## Exercise prompt
Repeat only the stretch of lines below that runs from the line with "Multicolored tunic style" through the line with "Made in the", unaltered.

## Extracted material

----

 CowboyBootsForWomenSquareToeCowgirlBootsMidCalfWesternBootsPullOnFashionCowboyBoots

----

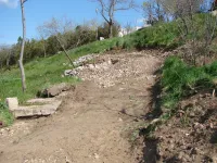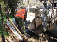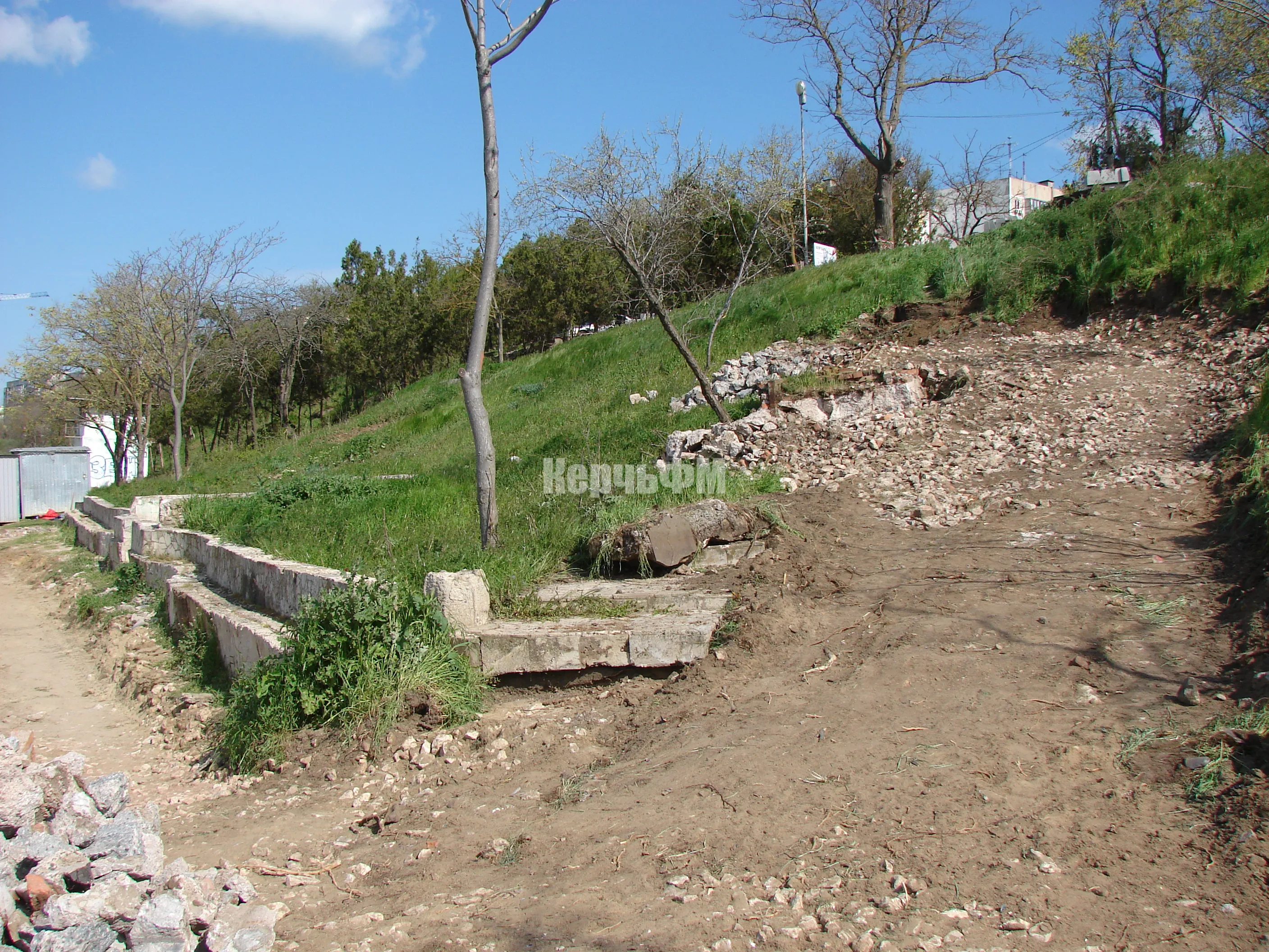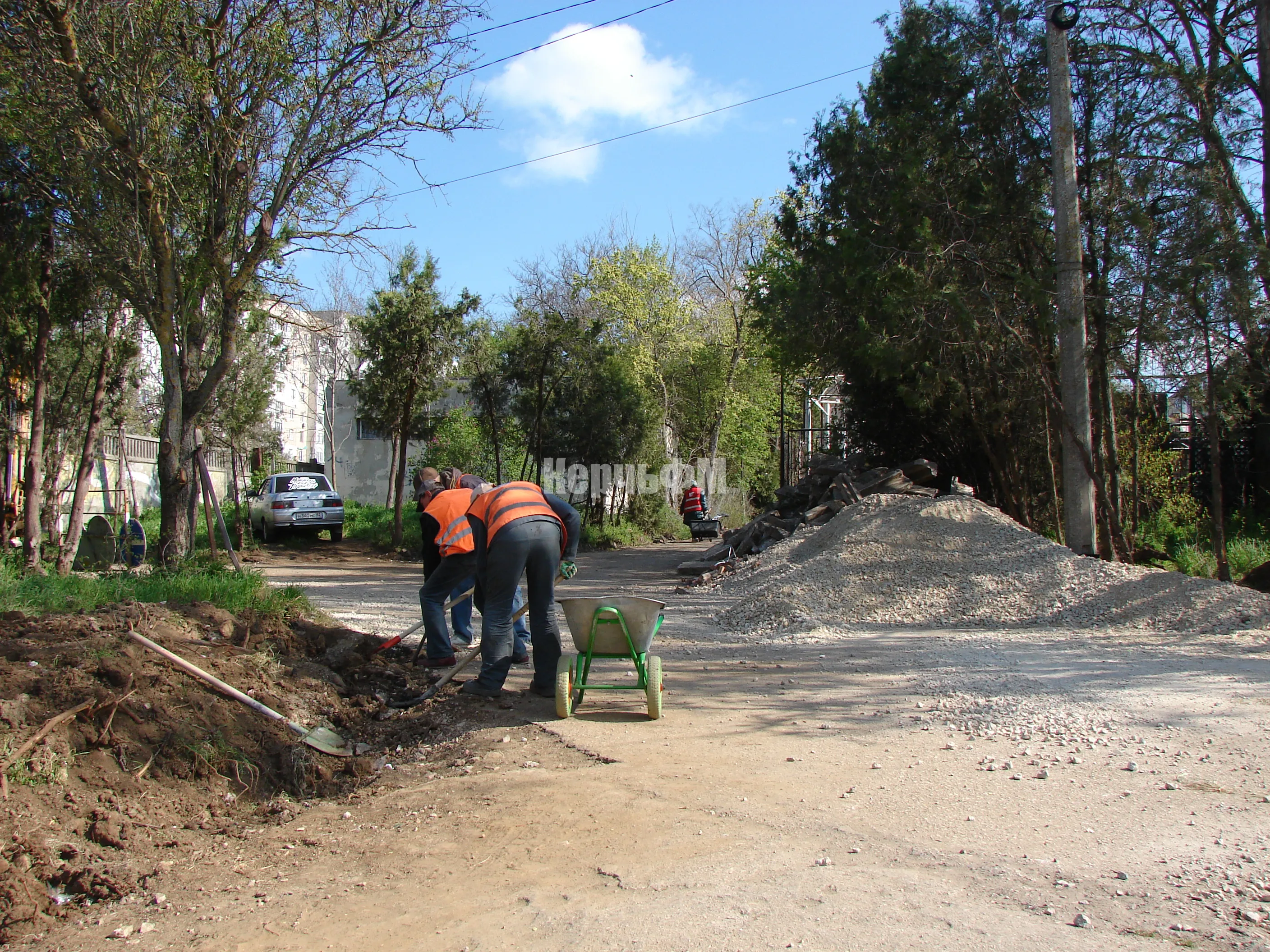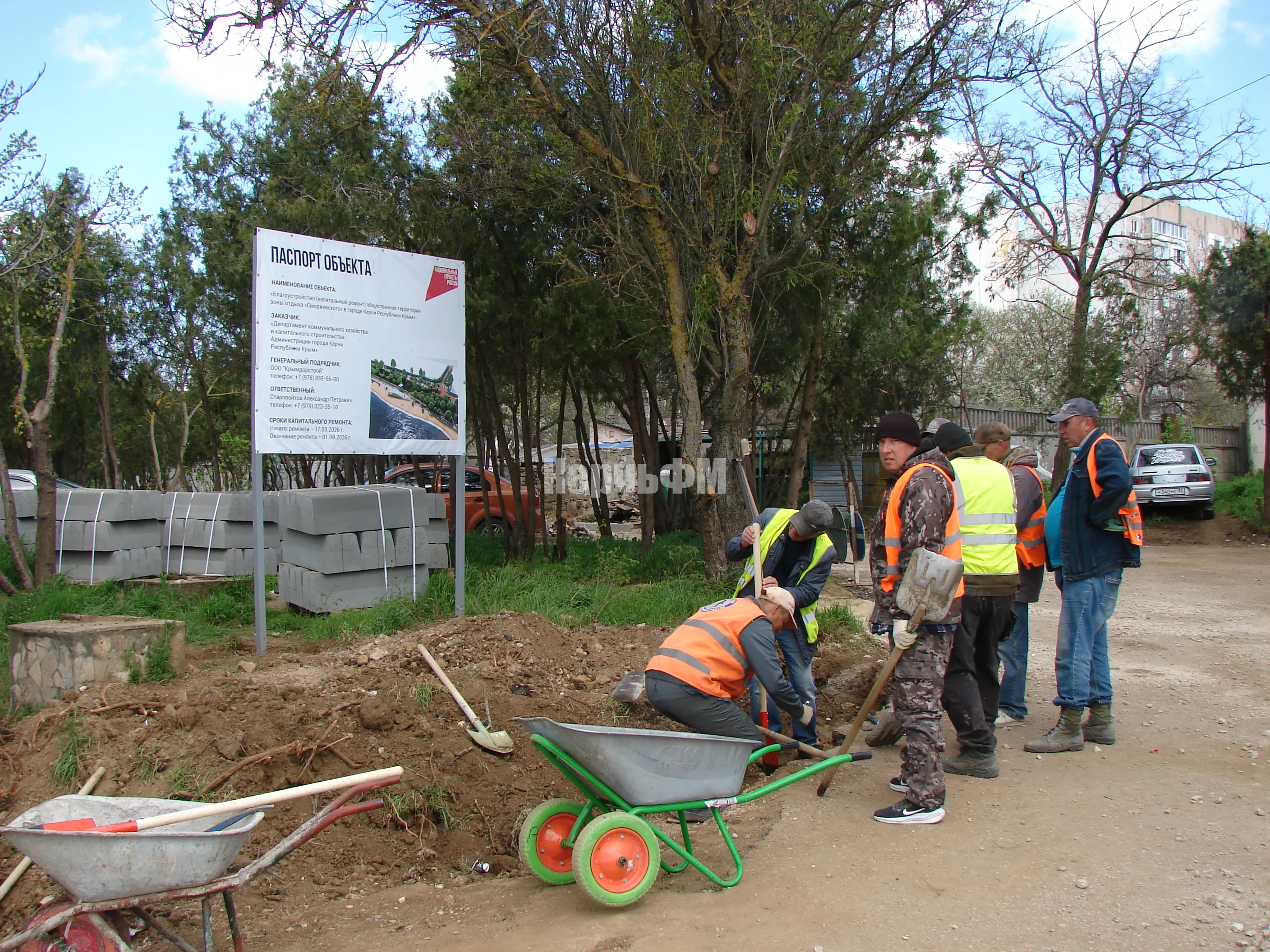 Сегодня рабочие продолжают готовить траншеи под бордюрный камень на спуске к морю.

----

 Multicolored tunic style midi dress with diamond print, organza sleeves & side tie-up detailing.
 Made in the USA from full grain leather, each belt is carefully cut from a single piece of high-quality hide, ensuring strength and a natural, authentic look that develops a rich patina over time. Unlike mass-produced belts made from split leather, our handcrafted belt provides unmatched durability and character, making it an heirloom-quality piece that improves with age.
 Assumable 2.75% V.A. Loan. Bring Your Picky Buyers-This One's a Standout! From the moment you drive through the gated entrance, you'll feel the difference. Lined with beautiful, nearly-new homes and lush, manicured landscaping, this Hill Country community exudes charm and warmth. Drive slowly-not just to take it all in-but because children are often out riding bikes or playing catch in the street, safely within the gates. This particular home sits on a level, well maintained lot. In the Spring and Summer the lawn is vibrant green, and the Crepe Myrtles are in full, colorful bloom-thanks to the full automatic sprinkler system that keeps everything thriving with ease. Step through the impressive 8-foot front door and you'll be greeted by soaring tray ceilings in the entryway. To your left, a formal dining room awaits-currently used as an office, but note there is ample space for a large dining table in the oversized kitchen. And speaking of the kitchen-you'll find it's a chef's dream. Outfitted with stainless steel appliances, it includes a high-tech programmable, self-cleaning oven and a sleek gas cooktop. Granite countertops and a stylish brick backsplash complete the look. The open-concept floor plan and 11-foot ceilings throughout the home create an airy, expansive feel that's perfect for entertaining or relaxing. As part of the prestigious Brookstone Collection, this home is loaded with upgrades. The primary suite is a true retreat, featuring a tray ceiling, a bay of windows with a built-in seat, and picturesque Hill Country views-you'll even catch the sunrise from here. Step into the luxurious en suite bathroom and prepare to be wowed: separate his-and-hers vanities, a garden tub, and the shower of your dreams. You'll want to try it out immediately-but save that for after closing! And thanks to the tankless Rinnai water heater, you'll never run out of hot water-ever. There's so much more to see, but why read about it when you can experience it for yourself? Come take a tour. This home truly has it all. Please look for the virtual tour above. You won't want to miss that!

----

## Answer space
 Multicolored tunic style midi dress with diamond print, organza sleeves & side tie-up detailing.
 Made in the USA from full grain leather, each belt is carefully cut from a single piece of high-quality hide, ensuring strength and a natural, authentic look that develops a rich patina over time. Unlike mass-produced belts made from split leather, our handcrafted belt provides unmatched durability and character, making it an heirloom-quality piece that improves with age.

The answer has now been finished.